Saved entries
- - - -

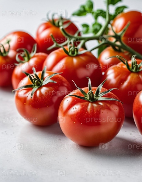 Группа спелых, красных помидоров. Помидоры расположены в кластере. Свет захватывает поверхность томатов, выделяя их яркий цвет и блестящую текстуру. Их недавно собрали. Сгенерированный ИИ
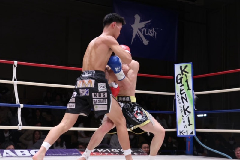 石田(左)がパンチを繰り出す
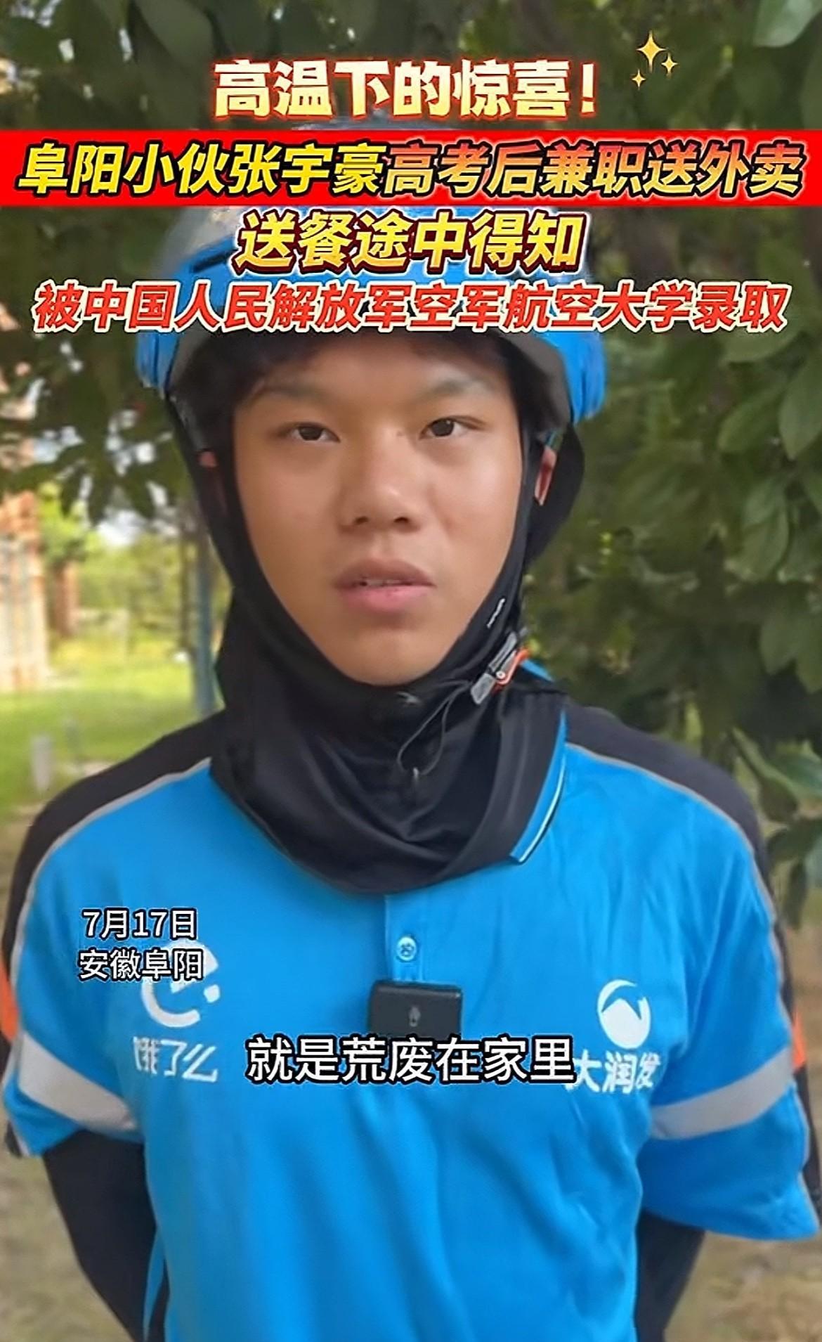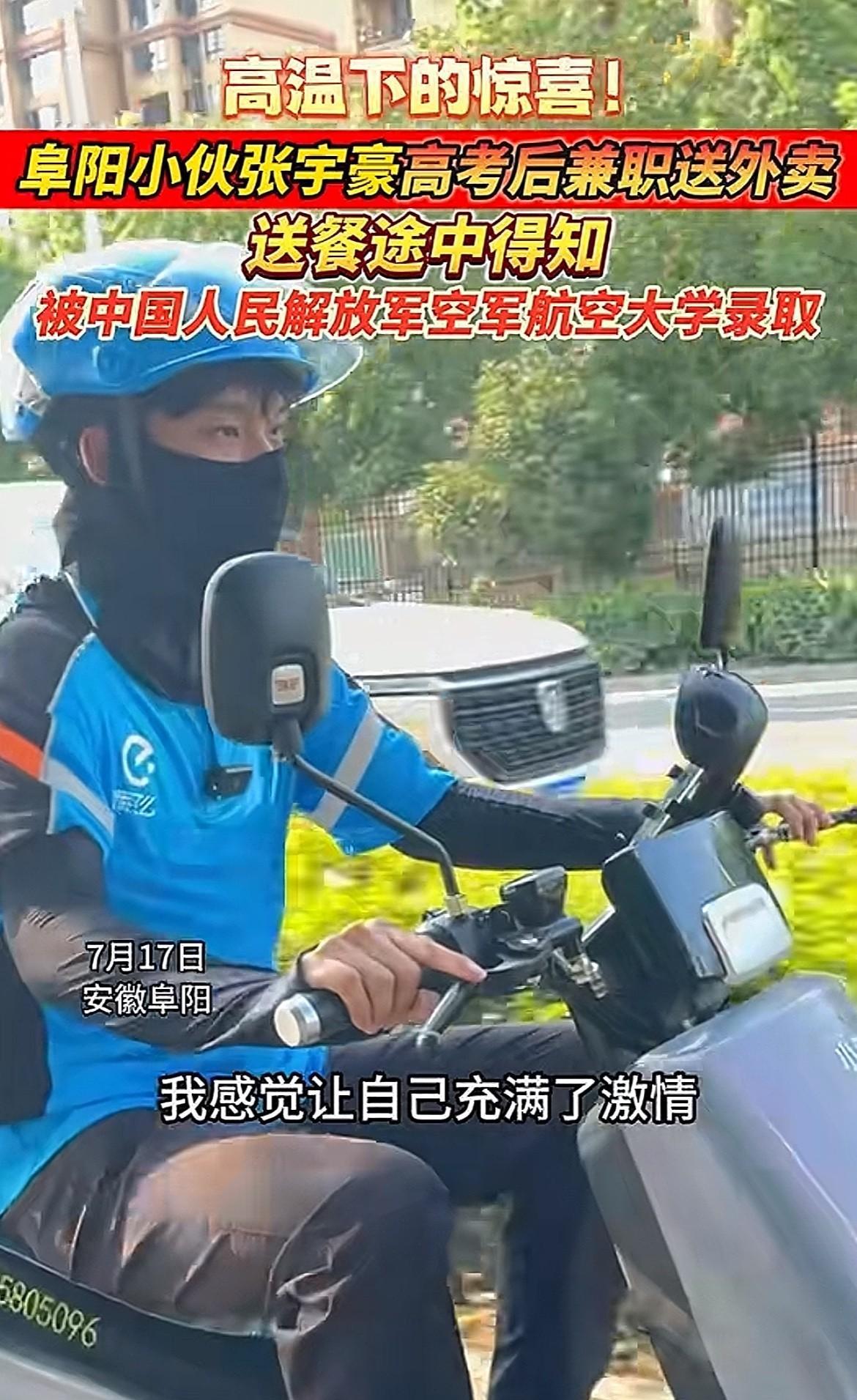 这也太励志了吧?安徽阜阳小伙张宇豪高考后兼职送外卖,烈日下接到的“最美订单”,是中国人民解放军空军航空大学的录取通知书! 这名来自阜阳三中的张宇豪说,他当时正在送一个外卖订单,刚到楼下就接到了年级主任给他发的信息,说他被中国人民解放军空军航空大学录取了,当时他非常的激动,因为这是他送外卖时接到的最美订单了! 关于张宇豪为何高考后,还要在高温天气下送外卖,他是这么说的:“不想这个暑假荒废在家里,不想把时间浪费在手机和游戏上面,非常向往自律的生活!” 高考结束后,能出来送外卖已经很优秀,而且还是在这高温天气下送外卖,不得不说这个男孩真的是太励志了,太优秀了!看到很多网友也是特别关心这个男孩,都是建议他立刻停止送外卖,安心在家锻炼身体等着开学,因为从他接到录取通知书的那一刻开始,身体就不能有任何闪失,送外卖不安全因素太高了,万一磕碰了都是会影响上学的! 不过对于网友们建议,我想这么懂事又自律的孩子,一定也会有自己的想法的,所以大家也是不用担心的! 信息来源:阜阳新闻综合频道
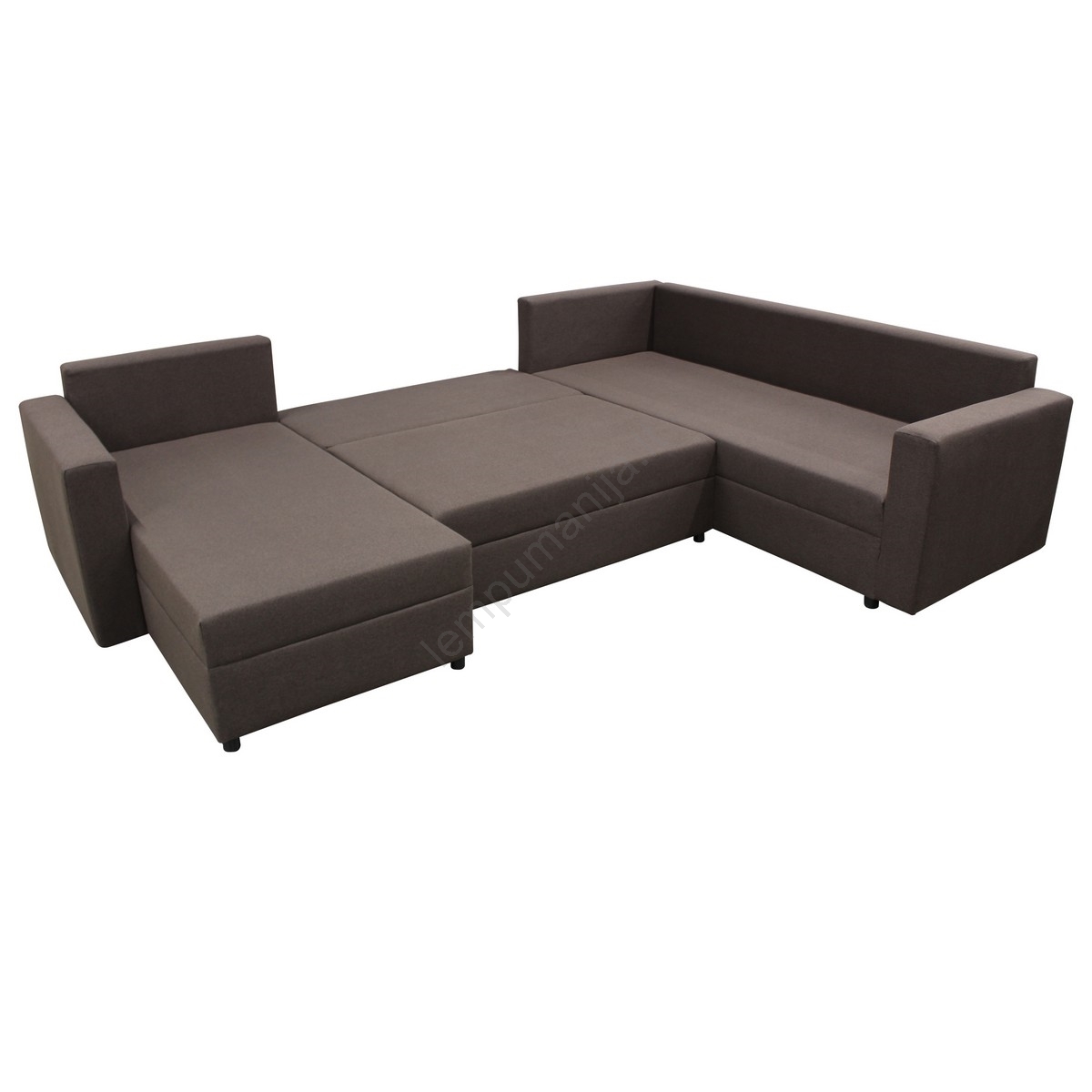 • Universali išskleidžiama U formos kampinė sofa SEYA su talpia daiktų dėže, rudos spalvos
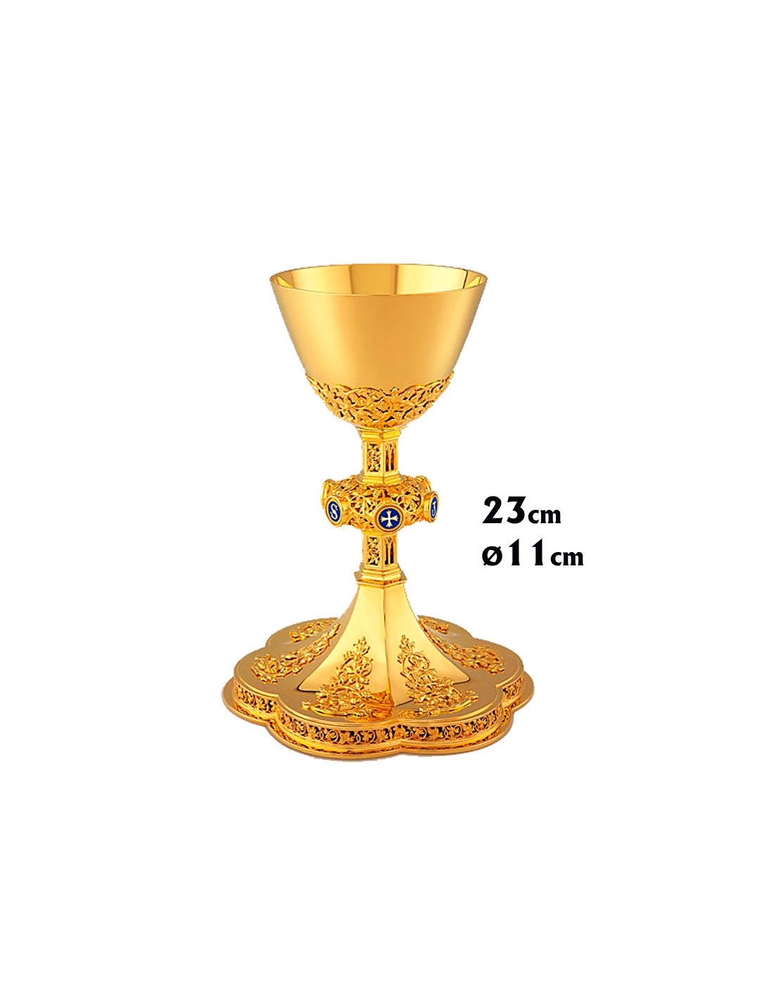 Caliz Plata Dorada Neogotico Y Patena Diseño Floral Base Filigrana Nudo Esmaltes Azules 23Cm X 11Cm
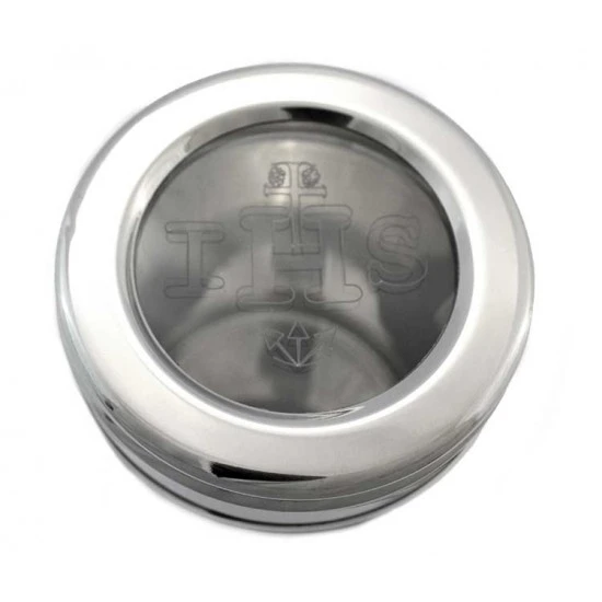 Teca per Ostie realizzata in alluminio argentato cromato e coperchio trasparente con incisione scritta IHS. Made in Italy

- - - -

→ What the exercise asks:
Each line from the one that holds "Caliz Plata Dorada" through the end of the entries must be returned exactly, while any pictures stay out.

→ Result of the task:
 Caliz Plata Dorada Neogotico Y Patena Diseño Floral Base Filigrana Nudo Esmaltes Azules 23Cm X 11Cm
 Teca per Ostie realizzata in alluminio argentato cromato e coperchio trasparente con incisione scritta IHS. Made in Italy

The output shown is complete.